Ante los micrófonos de Continental, el precandidato profundizó el análisis económico de la provincia y la Nación. En especial, en lo referido a la crisis laboral que atraviesa el país. “Nadie puede estar cómodo cuando hay gente que necesita trabajo”, señaló. “El Gobierno Nacional tuvo acciones muy importantes cuando firmó el pacto fiscal con los gobiernos provinciales para que ellos puedan promover también el desarrollo de fuentes de trabajo mediante las Pymes. Se reconoció este 15% (de coparticipación) y además envía más dinero, por eso, hoy, todas las provincias están con superávit. Era para que se reduzcan los impuestos, algunos distorsivos y, en algunos casos, hasta la eliminación de algunos. Esto haría que las Pymes tengan un alivio y puedan mantener la mano de obra, que es lo más importante”, rememoró.

Sin embargo, lamentó que en Tucumán no se cumplió con la premisa nacional. “En nuestra provincia, en cambio, se aumentaron impuestos y otros no fueron eliminados, como estaba establecido”, remarcó.
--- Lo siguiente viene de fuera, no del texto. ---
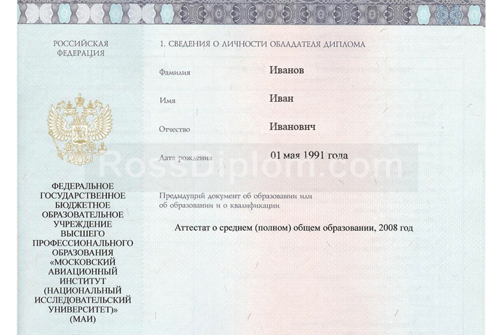В современном дипломе о высшем образовании указаны следующие сведения:

Sin embargo, se mostró optimista respecto de las perspectivas laborales. “El Gobierno Nacional logró, después de varias décadas, ese gran acuerdo entre la Unión Europea y el Mercosur. Esto es abrir las puertas al mundo, a un mercado de 800 millones de personas. Pero, para eso, también tenemos que prepararnos en educación, en capacitación. La tecnología va haciendo que algunos trabajos vayan desapareciendo y otros mejorando. Motivar en la educación es el único camino que tenemos para adelante, porque acá se está trabajando para el futuro, para las nuevas generaciones. Se trata de afirmar bien nuestros cimientos para que los vaivenes laborales no vuelvan a golpear a nuestro país”, concluyó.